Word Zapper is an Atari 2600 game written by Henry Will IV and published under the Vidtec label of U.S. Games in 1982. Word Zapper combines spelling exercises with arcade gaming, as the player must shoot letters that scroll across the top of the screen to complete words.

Gameplay
The player controls a spaceship-like "Zapper" which can move about the screen and shoot up, left, and right. The objective is to shoot the letters that spell the current word, in order, while shooting or avoiding asteroids in the lower portion of the screen. There are four types of asteroids, and each has a different effect if it comes into contact with the Zapper. The "Doomsday" asteroid ends the game. The "Scroller" asteroid mixes up the scrolling letters for five seconds. The "Zonker" and "Bonker" asteroids knock the Zapper to the side.

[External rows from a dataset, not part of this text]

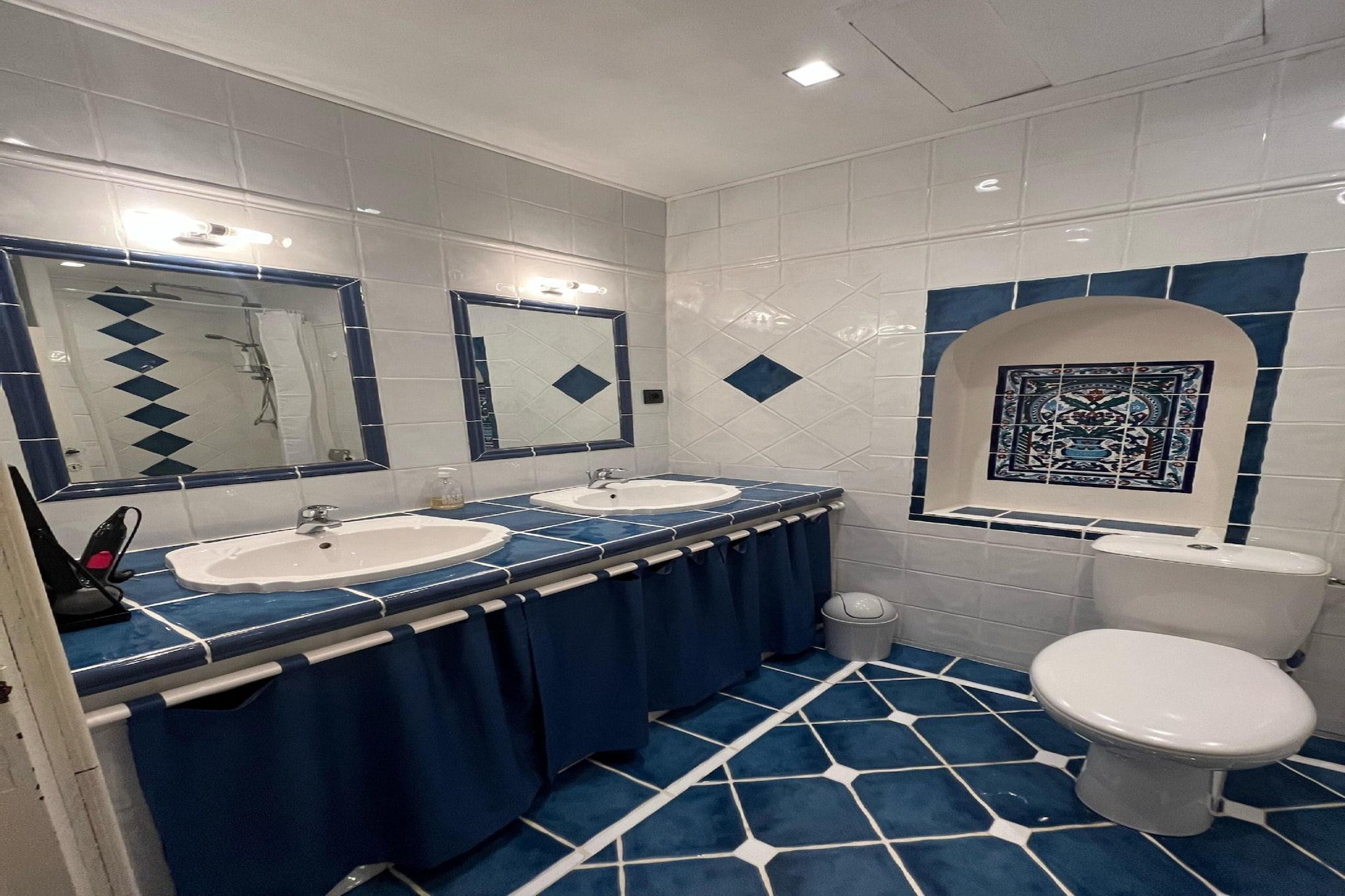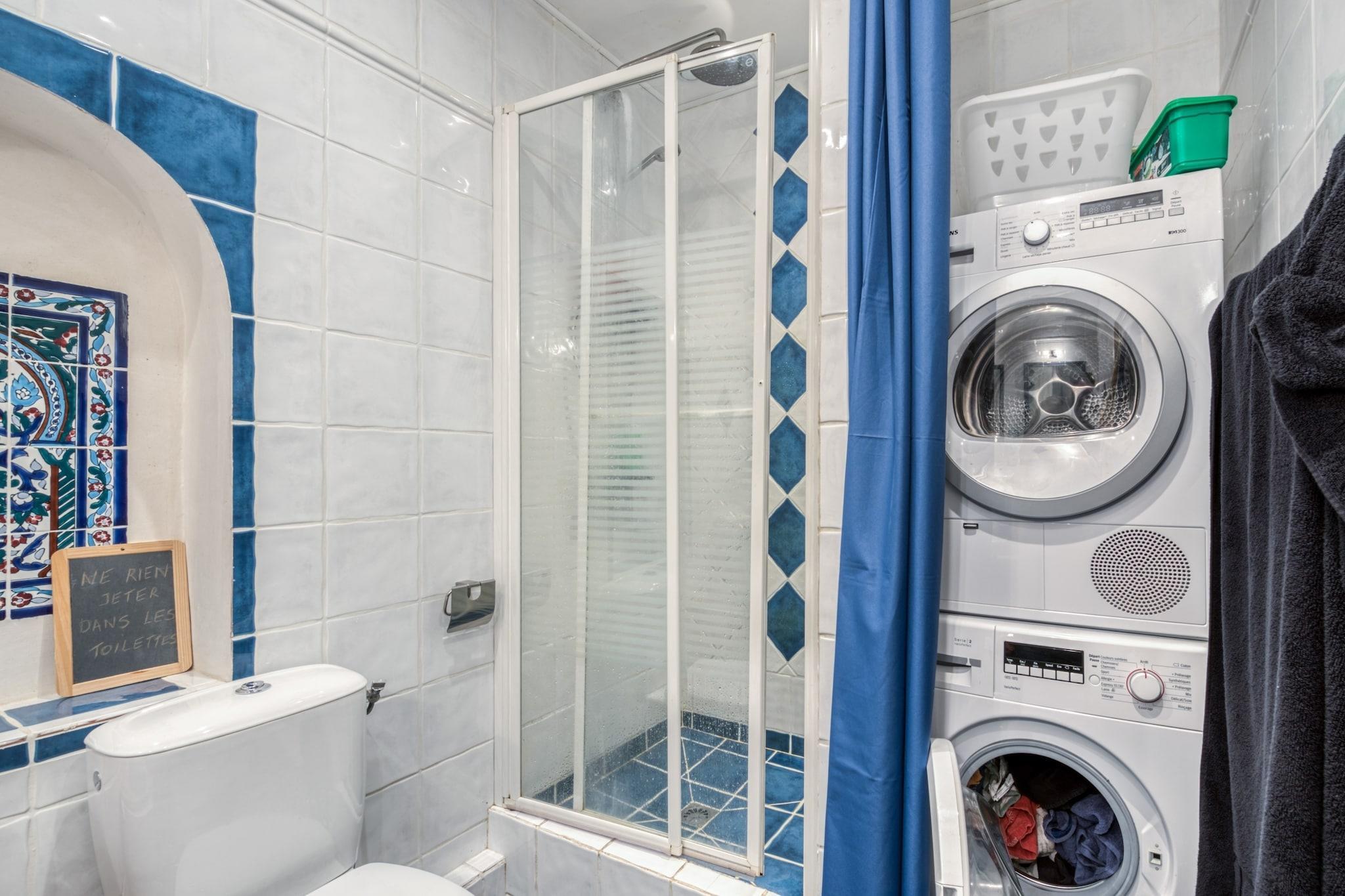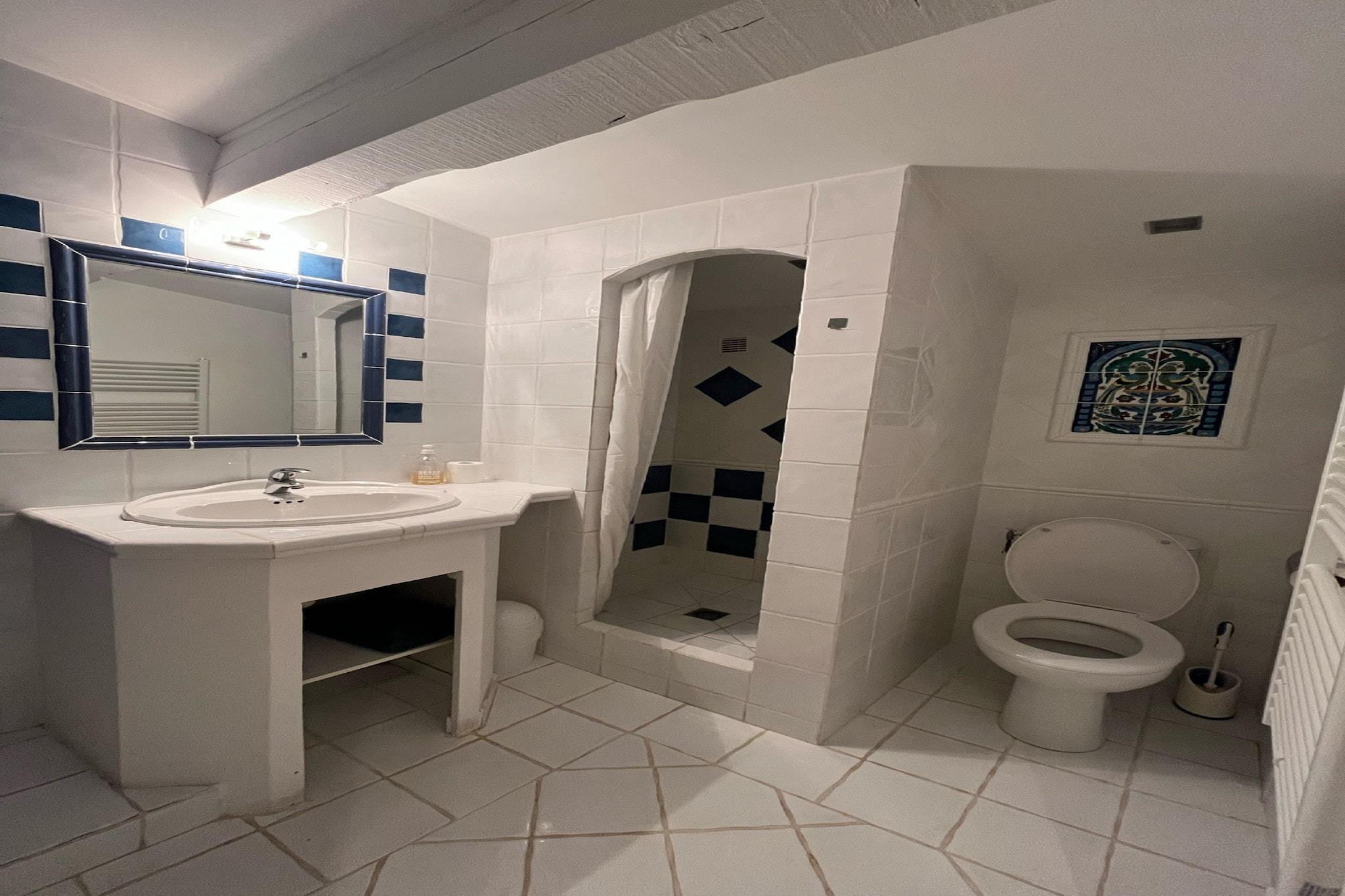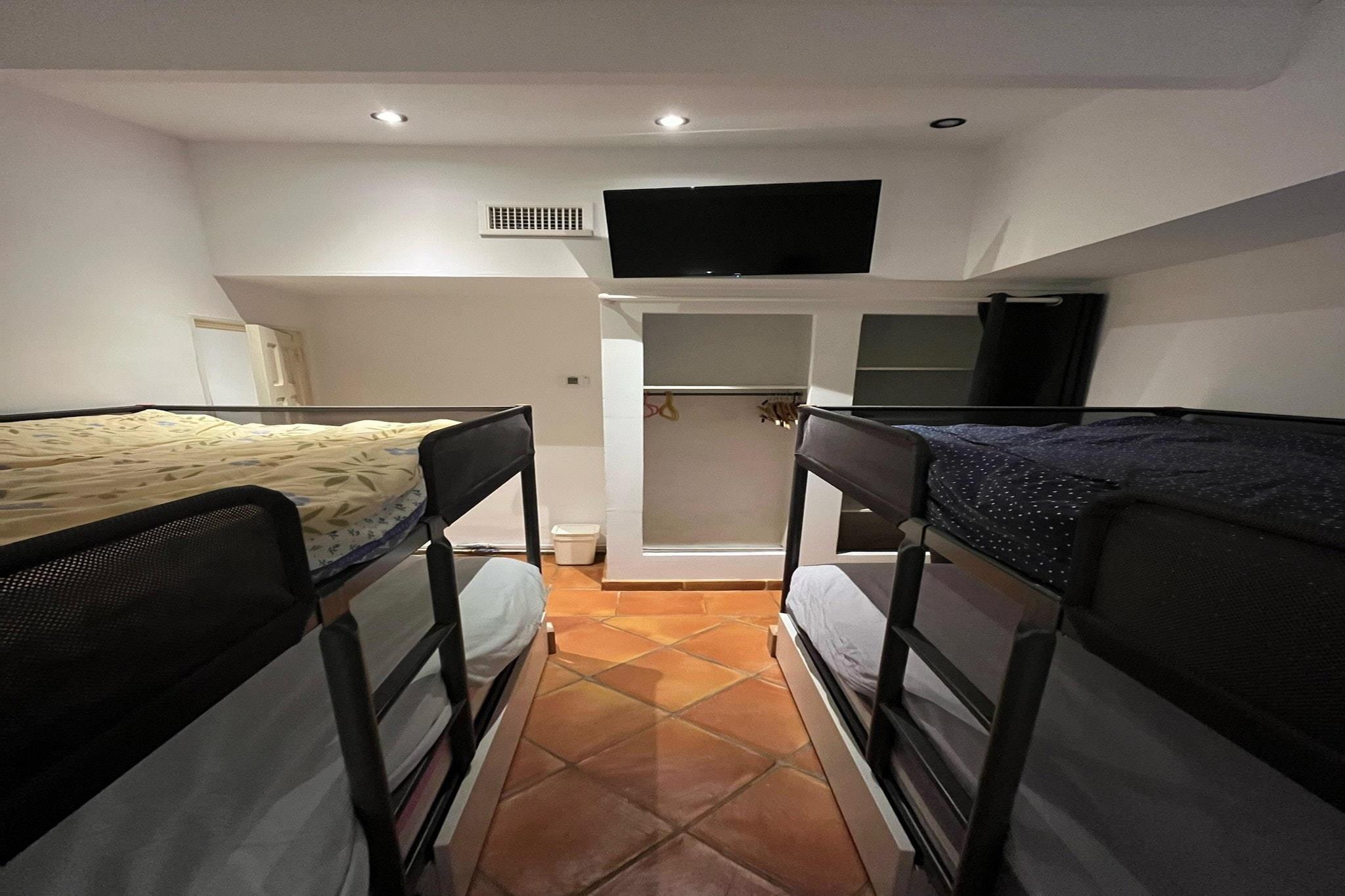 Ground floor: (hallway, Kitchen(hob(3 ring stoves, electric), electric kettle, coffee machine(cups), oven, microwave, dishwasher, fridge-freezer), Living/diningroom(TV, dining table, seating area), bedroom(bunk bed, bunk bed, TV), bedroom(double bed(150 x 200 cm), TV), Bedroom with bathroom(double bed(180 x 200 cm), TV, bath tub, washbasin, toilet, hairdryer), Bedroom with bathroom(bunk bed, TV, shower, washbasin, toilet), bathroom(tumble dryer, shower, 2x washbasin, toilet, washing machine)) terrace, garden, garden furniture, sun loungers, parking, parasol, swimming pool(private, cover, 9 x 5 m.), boules court, table tennis table, lounge set, plancha grill
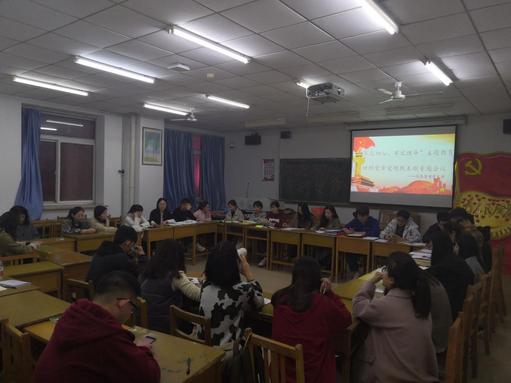 2019年11月7日,信息管理党支部召开“不忘初心、牢记使命”主题教育对照党章党规找差距专题会议。taptap体育官网入口副院长黄立明到会指导,支部全体党员、发展对象、部分积极分子参加了会议。
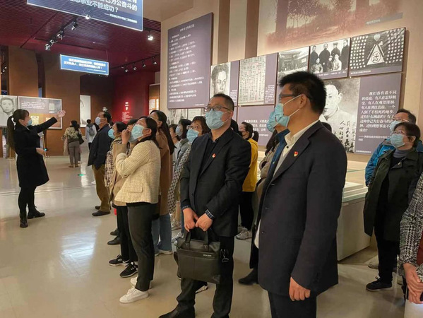 全体党员一起参观了雨花台烈士纪念馆,党员们在陈列的烈士遗物、珍贵图片、文献资料等模拟场景前驻足凝视,认真听取讲解员对革命历史的讲解,重温先烈们前赴后继为党和人民牺牲奉献一切的“初心”。其中《信仰的力量——雨花英烈生平事迹展》让在场的党员心灵上受到了巨大的震撼。雨花英烈生平事迹展共展陈了170余位雨花英烈生平事迹和500余张图片。一张张年轻坚强的面孔,一句句撼人心魄的话语,一封封催人泪下的家书,让大家久久驻足;一幅幅珍贵的历史图片,一个个令人动容的感人故事向大家再现了雨花英烈可歌可泣的英勇事迹和催人奋进的牺牲精神,形象地诠释了“牢记初心使命”的丰富内涵。
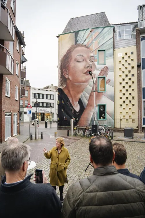 Kunstenaar Michel Alders werkte de afgelopen weken hard om het schilderij op de zijgevel van het voormalige Hotel Puur aan te brengen. Hij deed dit onder leiding van Venlonaar Vincent Huibers, die meerdere murals maakte in de gemeente. “Het is een blijvende herinnering voor de stad aan een van haar meest bekende kunstenaars”, zei wethouder Marij Pollux tijdens de onthulling.
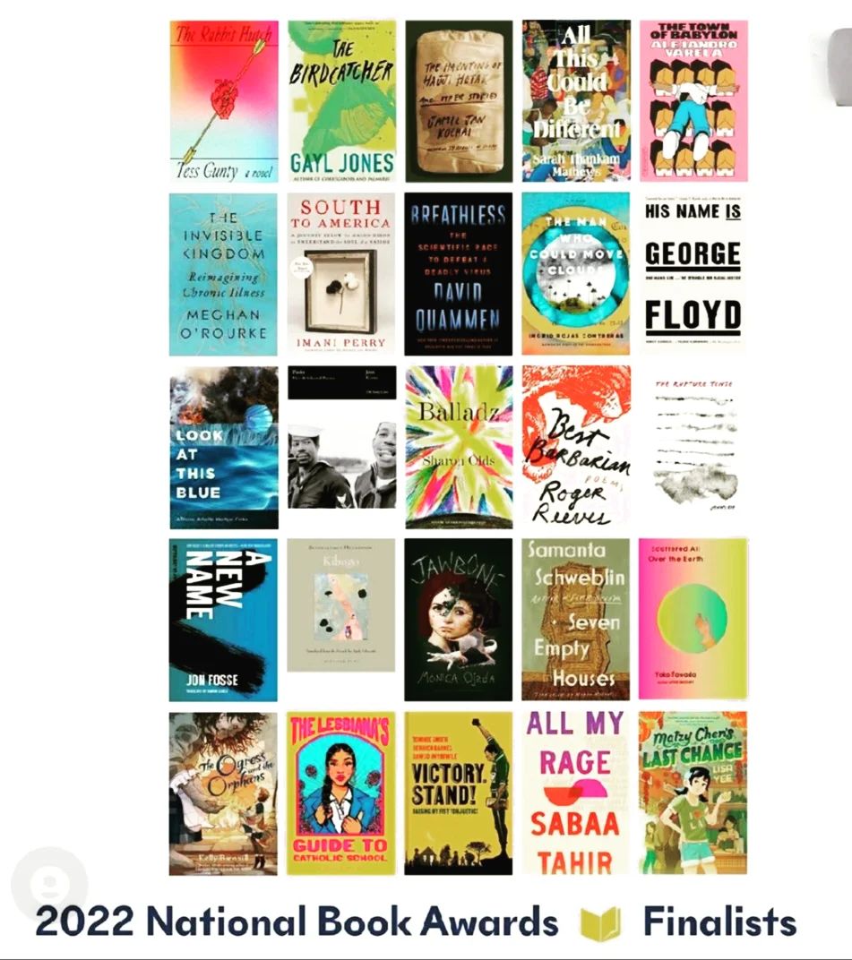 Just announced! The five finalists for this year's National Book Awards for fiction, nonfiction, poetry, translated lit, and young readers. Congratulations!
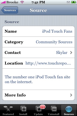 6) included the Conceited Software, Ste Packaging, ModMyiFone.com and BigBoss’s Apps and Things (BigBoss for short) sources…the update adds the iPod Touch Fans source to the Community Sources. The url for the iPod Touch Fans source is – www.touchrepo.com/repo.xml. Below are the screenshots:

The game ends after being hit by a doomsday asteroid, after the 99 second timer runs down, or the ultimate goal of completing three words.

Reception
Richard A. Edwards reviewed Word Zapper in The Space Gamer No. 59. Edwards commented that "It is difficult to make a statement concerning recommendation. Word Zapper is innovative enough to draw attention at first, but it will depend on the individual gamer whether another arcade shooting match with letters is worth the price tag."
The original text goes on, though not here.